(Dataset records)
:::
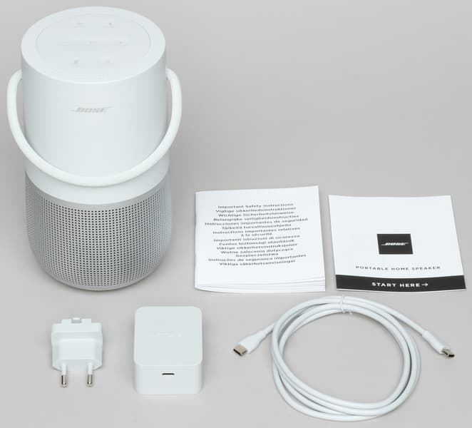 В комплект поставки Bose Portable Home Speaker входят сама колонка, документация, кабель USB-C—USB-C для зарядки, а также ЗУ со съемной вилкой (формат вилки зависит от страны поставки).
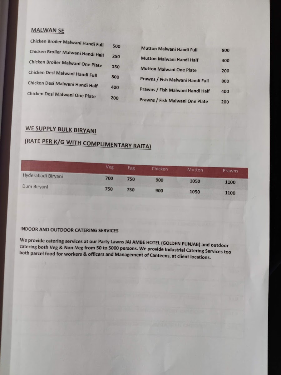 Welcome to Golden Punjab Hotel, a gem nestled on State Highway in Ambernath, Maharashtra. This restaurant stands out with its vibrant ambiance and a menu rich in flavors, particularly renowned for its tantalizing non-vegetarian Chinese starters like Chicken Manchurian and Prawans Golden Fry. The variety ranges from Chicken Tangdi Kabab to the exquisite Surmai Fish Tawa, ensuring there's something for every palate.
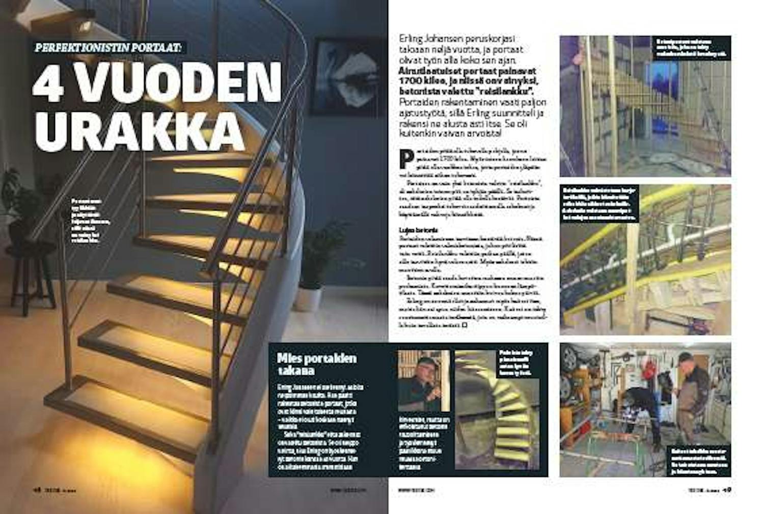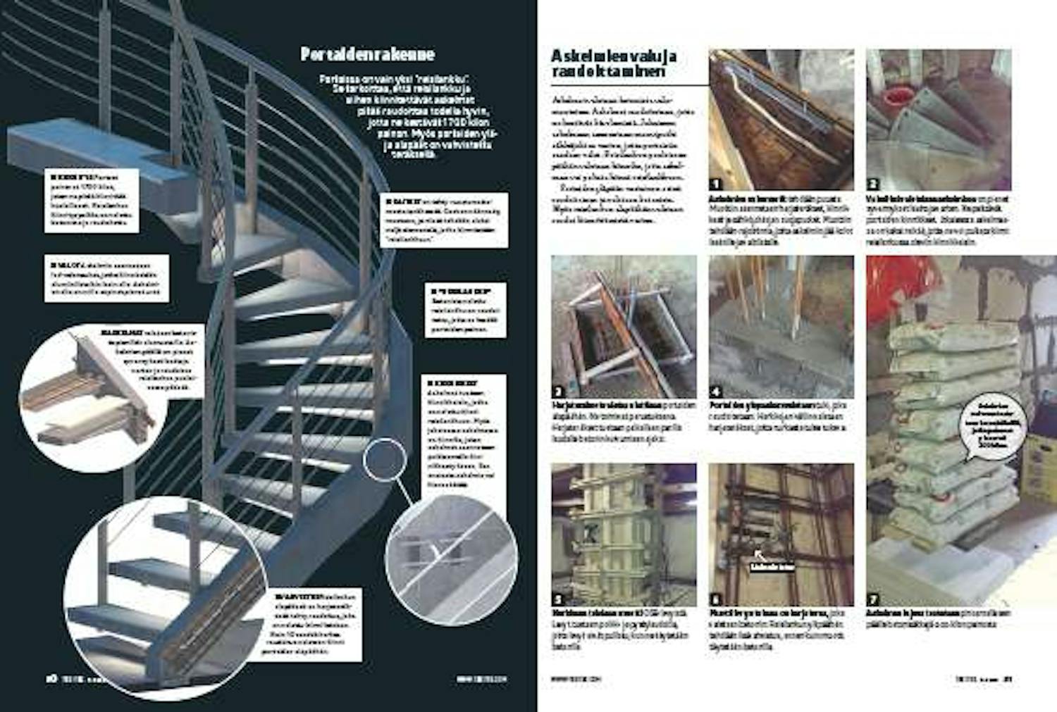 Portaissa on vain yksi betonista valettu ”reisilankku”, eli askelmien toinen pää on tyhjän päällä. Se tarkoittaa, että askelmien pitää olla todella kestävät. Portaista saadaan tarpeeksi tukevat raudoittamalla askelmat ja käyttämällä vahvoja kiinnikkeitä.
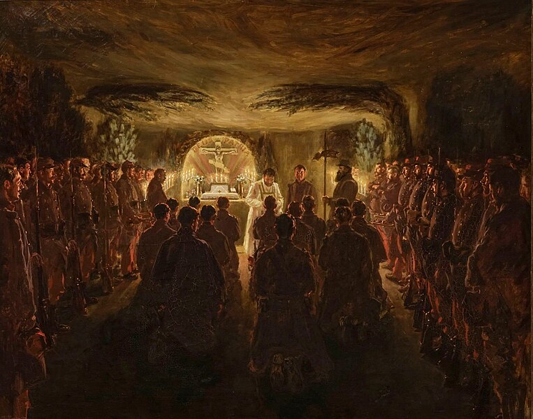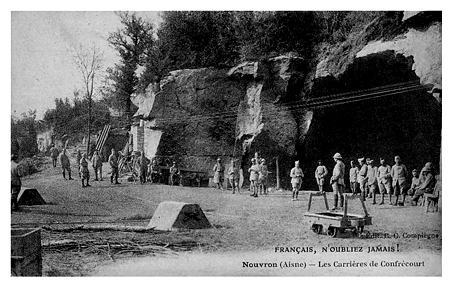 Les carrières dites de l'Infirmerie et du Premier Zouave sont d'anciennes exploitations souterraines de calcaire, transformées en cantonnement par les soldats français pendant la Première Guerre mondiale et ornées de nombreuses sculptures et inscriptions. Elles se situent à Confrécourt, près de Vic‑sur‑Aisne, sur la commune de Nouvron‑Vingré ; l'une d'elles est visitable avec les guides de l'association Soissonnais 14‑18. Le site de Confrécourt comprenait avant 1914 une vaste ferme d'origine monastique, attestée depuis l'époque carolingienne, installée au bord du plateau du Soissonnais et fortifiée, position qui en fit un lieu de combats intenses à la fin de la bataille de la Marne. À partir de septembre 1914 la région fut disputée entre forces françaises et allemandes ; le recul britannique fin septembre fixa le front et Confrécourt se retrouva en retrait, à quelques centaines de mètres des premières lignes. Les belligérants consolidèrent alors leurs défenses : tranchées et carrières furent aménagées pour abriter les troupes et se protéger des bombardements qui se multiplièrent dès le 14 septembre 1914. L'occupation des lieux fut presque continue pendant toute la guerre ; la ferme fut entièrement détruite et il ne subsiste aujourd'hui que des contreforts du soubassement au sud‑ouest. Le secteur resta relativement calme jusqu'en mars 1917, période où l'armée allemande se replaça sur la ligne Hindenburg, provoquant le repli temporaire des Français hors des carrières ; ces dernières furent de nouveau occupées lors des mouvements de 1918 et la zone sortit définitivement du combat à partir d'août 1918. Les carrières, exploitées depuis le Moyen Âge et utilisées pour la reconstruction de la ferme à la fin du XIVe siècle, présentent une extraction méthodique du calcaire vergelé selon la technique des « piliers tournés », qui a assuré une bonne stabilité du ciel de carrière et leur a permis d'offrir un refuge sûr.
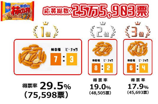 结果,龟田制果共收集到255,903票,“柿种7:花生3”得到了最多的支持(约30%),第二名为8:2,经典的6:4则排在了第三位。
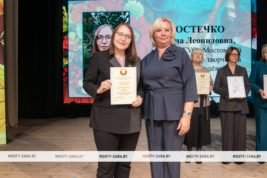 Активная гражданская позиция, инициативность и неравнодушие заместителя начальника управления образования райисполкома Инны Болтрукевич и директора Мостовского районного центра творчества детей и молодёжи Натальи Радкевич отмечены Почётными грамотами Гродненского областного отделения Белорусской партии «Белая Русь».
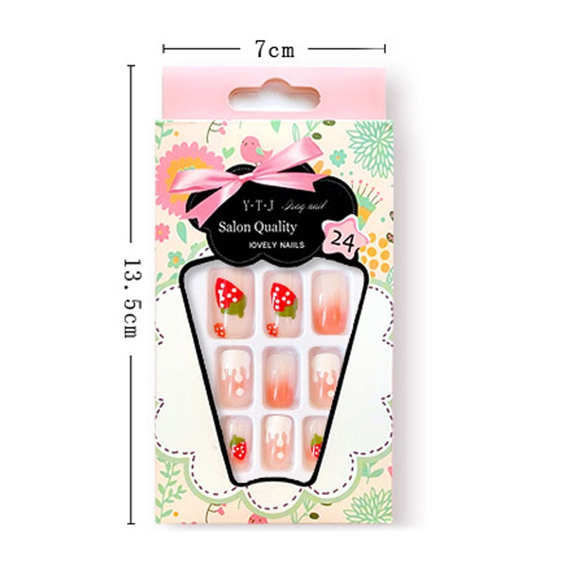 24pcs/box fake short nails with glue round head Finished Nails Manicure Patches Strawberry Patches press on nails with designs-Nail Inspo
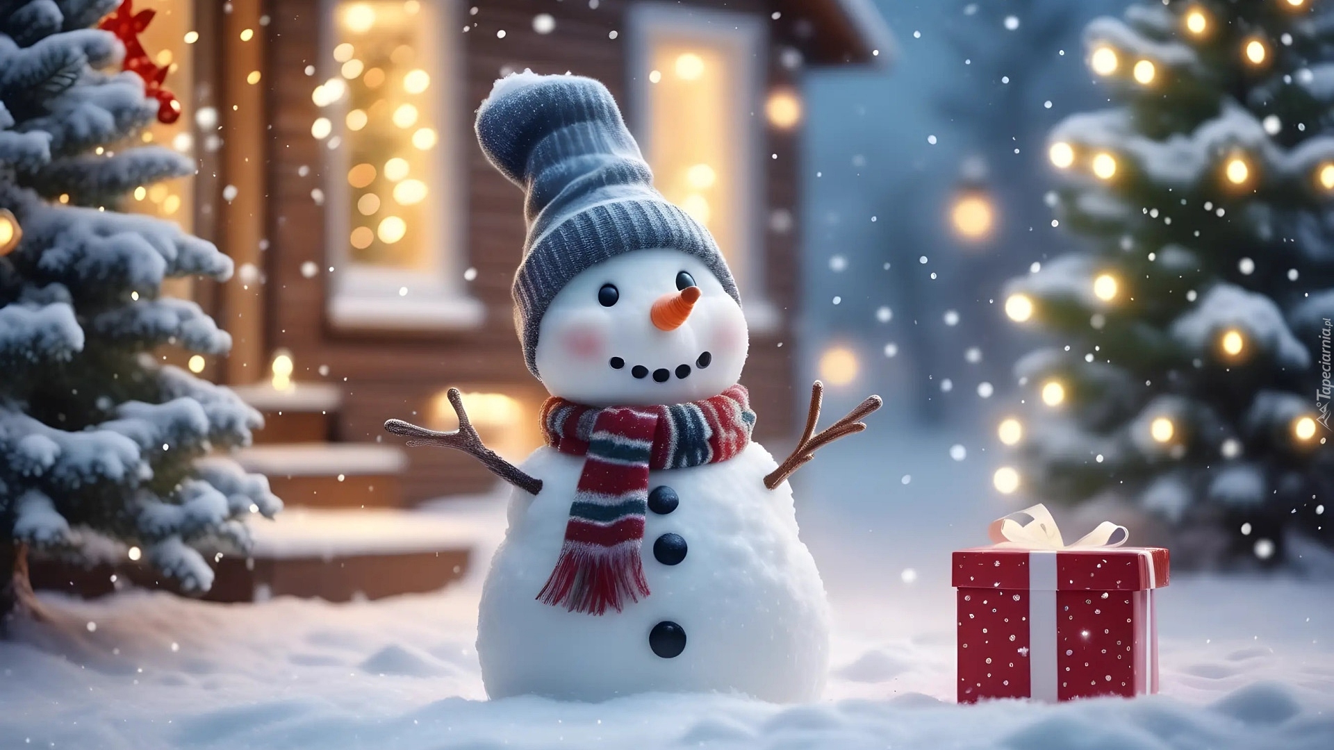 Edytor tapety: Bałwanek przed domem obok prezentu
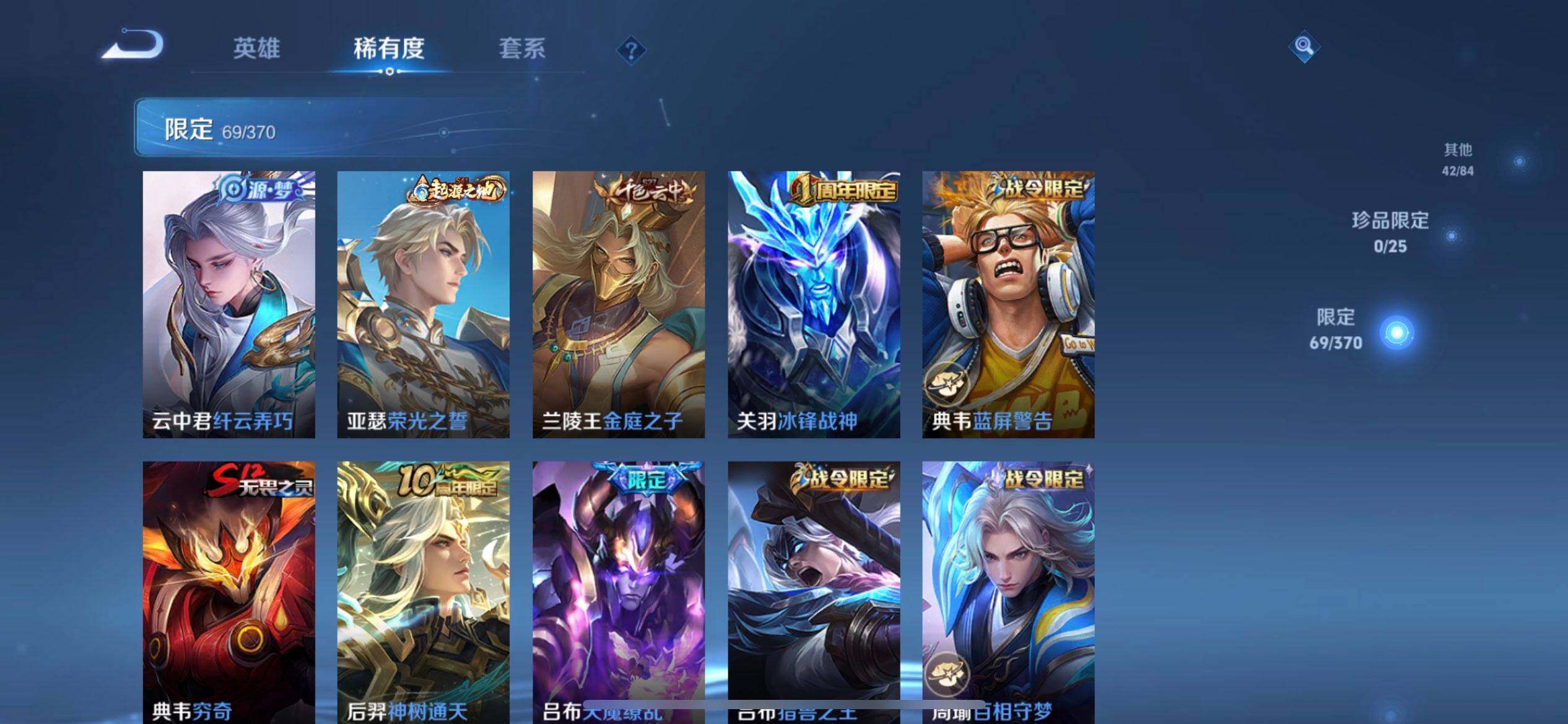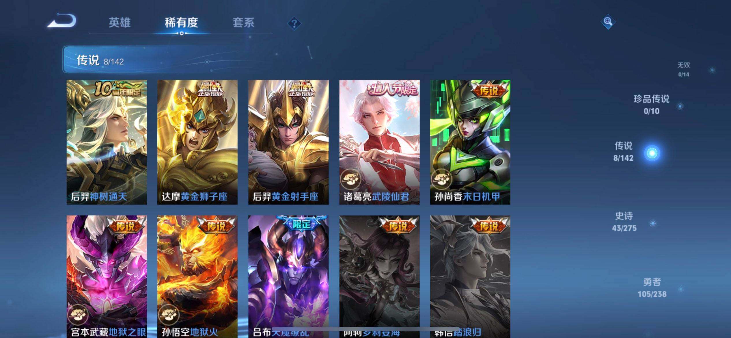 【传说皮肤】:后羿神树通天,达摩黄金狮子座,后羿黄金射手座,诸葛亮武陵仙君,孙尚香末日机甲,宫本武藏地狱之眼,孙悟空地狱火,吕布天魔缭乱
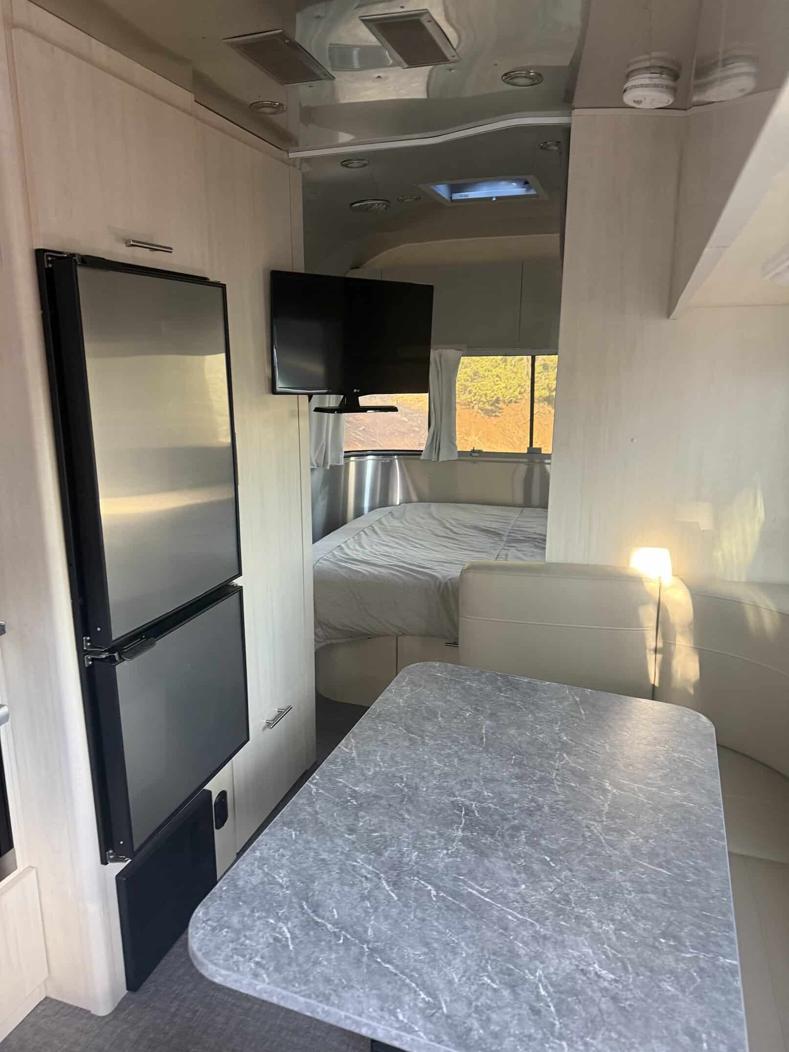 Swing Out Television that can be watched from the Bedroom or Dinette area. Unsure of the size at this time.
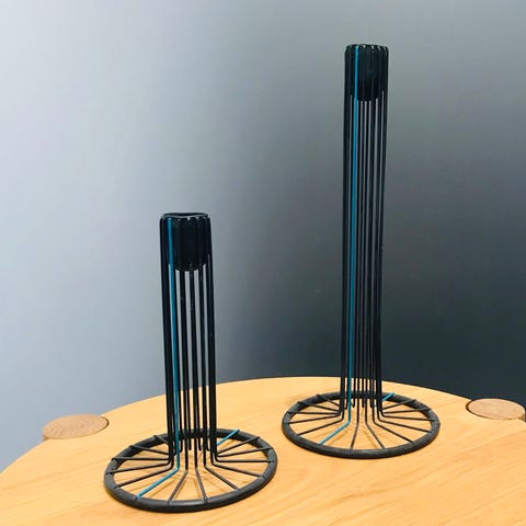 2 stk. rigtig pæne beigefarvede lysestager/opsats i metal. Kan også bruges som opsats til dekoration.
:::
Only the lines from the one containing "Edytor tapety: Bałwanek" through the last line of the entries should be transcribed, exactly and with no pictures.

 Edytor tapety: Bałwanek przed domem obok prezentu
 【传说皮肤】:后羿神树通天,达摩黄金狮子座,后羿黄金射手座,诸葛亮武陵仙君,孙尚香末日机甲,宫本武藏地狱之眼,孙悟空地狱火,吕布天魔缭乱
 Swing Out Television that can be watched from the Bedroom or Dinette area. Unsure of the size at this time.
 2 stk. rigtig pæne beigefarvede lysestager/opsats i metal. Kan også bruges som opsats til dekoration.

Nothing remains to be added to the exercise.